In the embodiments provided by the present invention, it should be understood that the disclosed apparatus, system, and method may be implemented in other ways. For example, the system embodiments described above are merely illustrative, and for example, the division of the modules is only one logical functional division, and other divisions may be realized in practice.
The modules described as separate parts may or may not be physically separate, and parts displayed as modules may or may not be physical units, may be located in one place, or may be distributed on a plurality of network units. Some or all of the modules may be selected according to actual needs to achieve the purpose of the solution of the present embodiment.
In addition, functional modules in the embodiments of the present invention may be integrated into one processing unit, or each unit may exist alone physically, or two or more units are integrated into one unit.
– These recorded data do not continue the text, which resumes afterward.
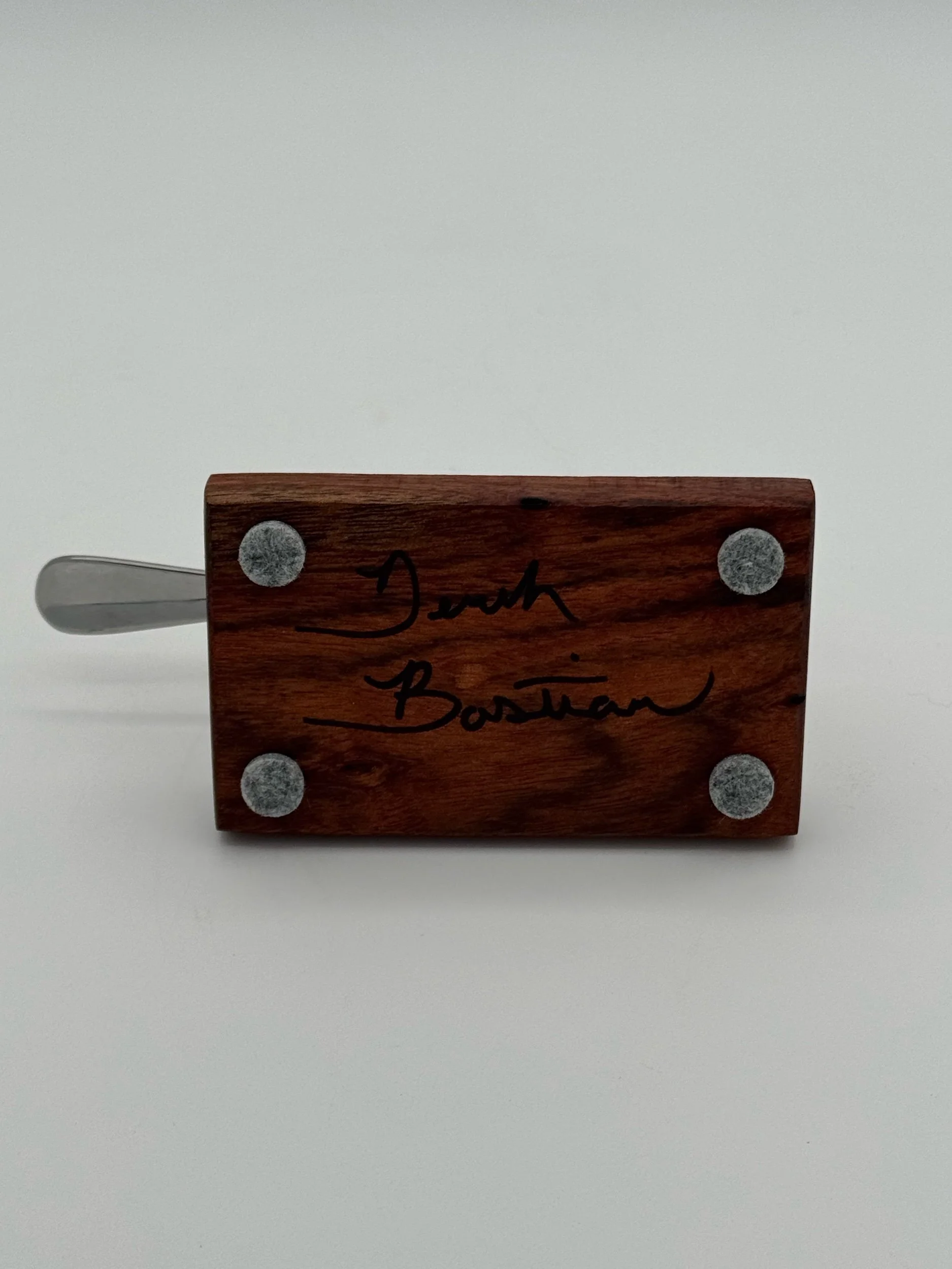 All steel materials used in my pieces are stainless steel, so they will never rust. All metalworking and woodworking are done exclusively by me.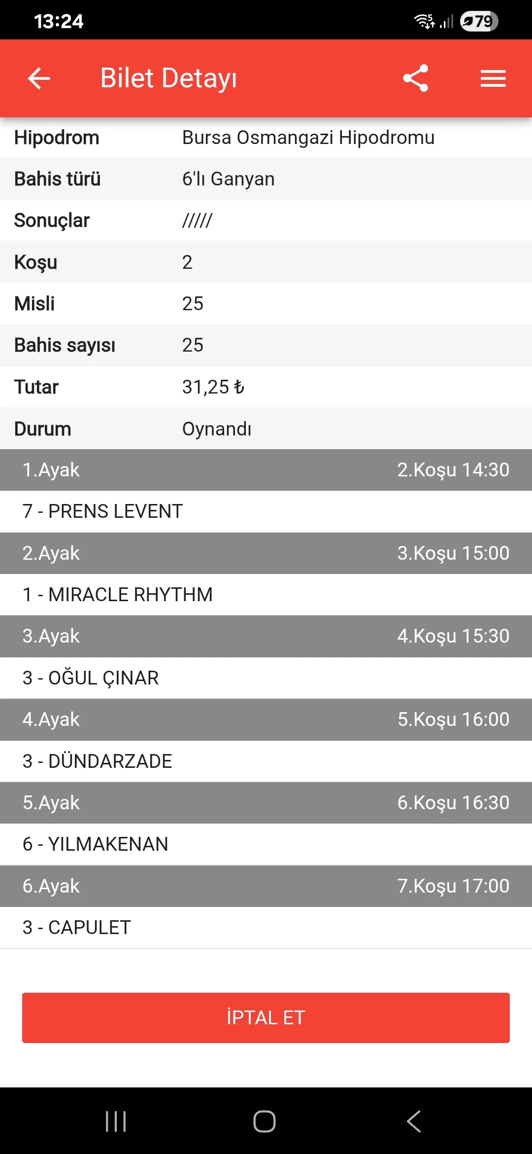 Bugün altılı Bursa’da 1.25 TL oran ile çarpılacaktır. Herkese bol şanslar.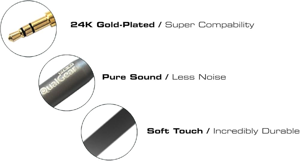 كابل مساعد كوالجير QG-ACBL-4FT يتميز بجودة صوت احترافية مع 28awg ونحاس خالٍ من الأكسجين بنسبة 100% كعلامة تجارية لسماعات الرأس. تضمن العدسات المطلية بالذهب 24 قيراط أفضل تجربة صوت ممكنة. هذا الكابل متوافق مع جميع الأجهزة الصوتية من أي هاتف أو جهاز لوحي، أو جهاز لوحي، أو جهاز لوحي، أو جهاز تشغيل الوسائط الأخرى على سماعات رأسك، أو مكبرات الصوت المحمولة، أو السيارة أو الاستيريو المنزلي (يناسب منافذ الصوت المعيارية 3.5 ملم في متر). متين بشكل لا يصدق مع عشرات الآلاف من الانحناء العمر الافتراضي لعدة مرات أطول من كابلات الصوت العادية، غلاف معدني ممتاز و 4 أقدام من السلك المرن المتين، هذا الكابل مصنوع ليدوم مدى الحياة. تسمح الوصلات الرفيعة للغاية إلى المقابس الصناعية بالاستخدام مع أي جراب هاتف أو جهاز لوحي (على عكس الكابلات الخارجية الأخرى).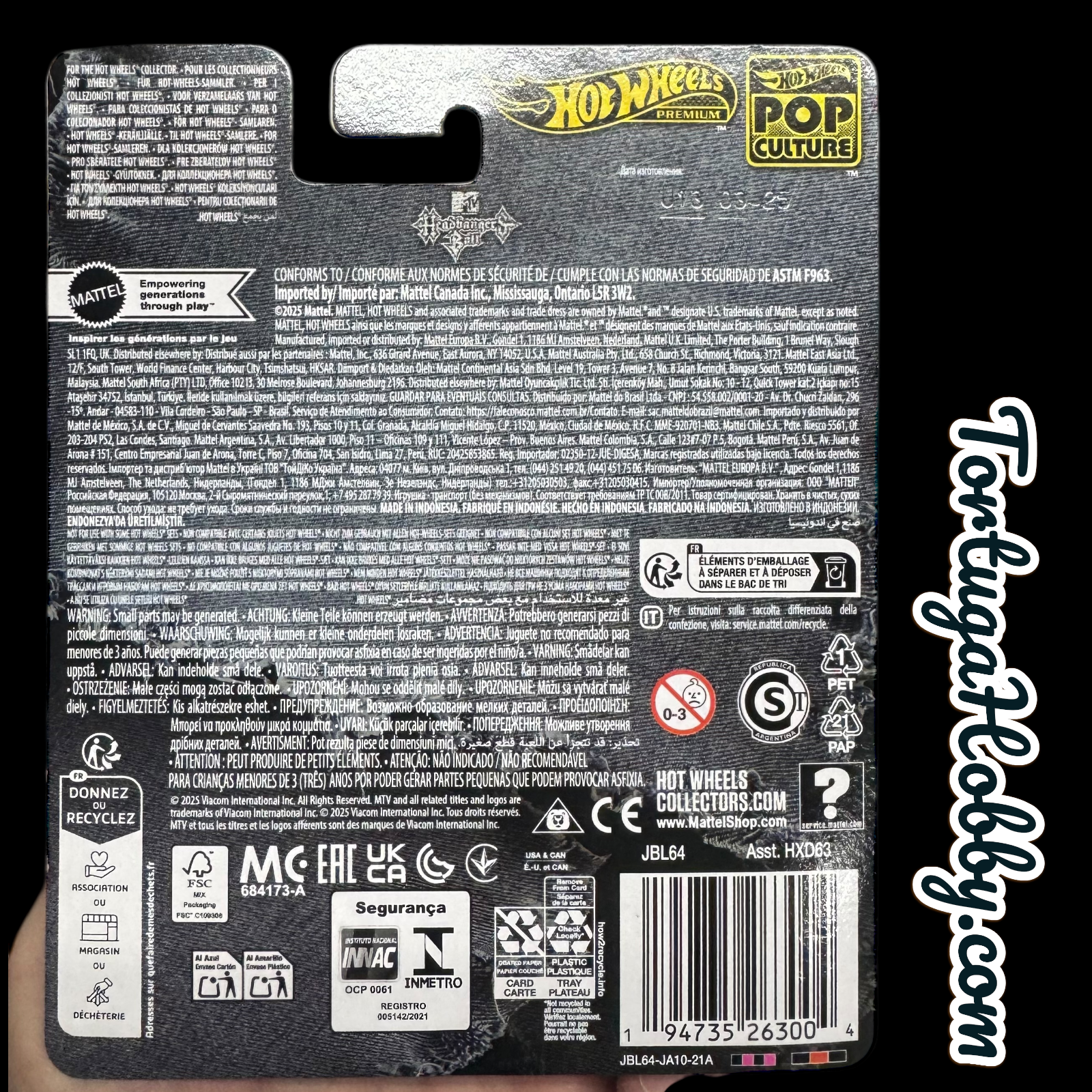 The 2025 Hot Wheels Pop Culture "MTV Headbangers" Ball HW Tour Bus Model BL64-7C is a diecast toy vehicle in 1:64 scale, featuring a black color design with the theme of MTV Headbangers. This collectible item is part of the Hot Wheels Pop Culture series and appeals to adult collectors aged 17 years and up. The model, designed after the HW tour bus, is unopened in its original box and represents the iconic Headbangers Ball character family, making it a sought-after piece for both boys and girls who appreciate contemporary manufactured cars, trucks, and vans. Made in Indonesia, this Hot Wheels model is a must-have for fans of MTV Headbangers.

The integrated unit can be realized in a form of hardware, or in a form of hardware plus a software functional module.
It will be evident to those skilled in the art that the invention is not limited to the details of the foregoing illustrative embodiments, and that the present invention may be embodied in other specific forms without departing from the spirit or essential attributes thereof.
The present embodiments are therefore to be considered in all respects as illustrative and not restrictive, the scope of the invention being indicated by the appended claims rather than by the foregoing description, and all changes which come within the meaning and range of equivalency of the claims are therefore intended to be embraced therein. Any reference signs in the claims shall not be construed as limiting the claim concerned.
Furthermore, it is obvious that the word "comprising" does not exclude other elements or steps, and the singular does not exclude the plural. A plurality of units or systems recited in the system claims may also be implemented by one unit or system in software or hardware. The terms first, second, etc. are used to denote names, but not any particular order.
Finally, it should be noted that the above embodiments are only for illustrating the technical solutions of the present invention and not for limiting, and although the present invention is described in detail with reference to the preferred embodiments, it should be understood by those skilled in the art that modifications or equivalent substitutions may be made on the technical solutions of the present invention without departing from the spirit and scope of the technical solutions of the present invention.

Claims (10)

1. An information pushing system for big data information feedback is characterized by comprising an image generation module, an intention identification module, a keyword extraction module, a message pushing module and an intelligent analysis module, wherein,
the portrait generation module is used for acquiring basic attribute features of a target user and generating a user portrait according to the basic attribute features, wherein the portrait generation module is specifically used for:
performing core semantic extraction on the attribute features to obtain attribute feature semantics;
calculating the attribute feature frequency of the attribute feature semantics by using the following feature frequency formula:
Figure FDA0003867185370000011
wherein f is the attribute characteristic frequency, kw (k) it ) For the attribute feature semantics k t Number of occurrences in the ith property document, dw (k) t ) For the occurrence of the attribute feature semantics k t N is the total number of the attribute documents, and log is a logarithmic function;
selecting a preset number of attribute feature semantics with the highest attribute feature frequency as user tags;
generating a user representation of the target user according to the user tag;
the intention identification module is used for extracting the basic behavior characteristics of the user portrait and determining the page operation intention of the target user on a preset service page according to the basic behavior characteristics;
the keyword extraction module is used for generating interest characteristics of the target user on a business page according to the page operation intention and extracting interest keywords of the interest characteristics;
the message pushing module is used for calculating the similarity between the interest keywords and the message keywords of each message in a preset message library and pushing the message corresponding to the message keywords with the similarity larger than a preset threshold value to the target user;
the intelligent analysis module is used for inputting the basic behavior characteristics and the message keywords into a preset information push prediction neural network to obtain information push prediction data, extracting prediction keywords in the information push prediction data, classifying the target users according to the prediction keywords, and updating the basic attribute characteristics according to the classification results.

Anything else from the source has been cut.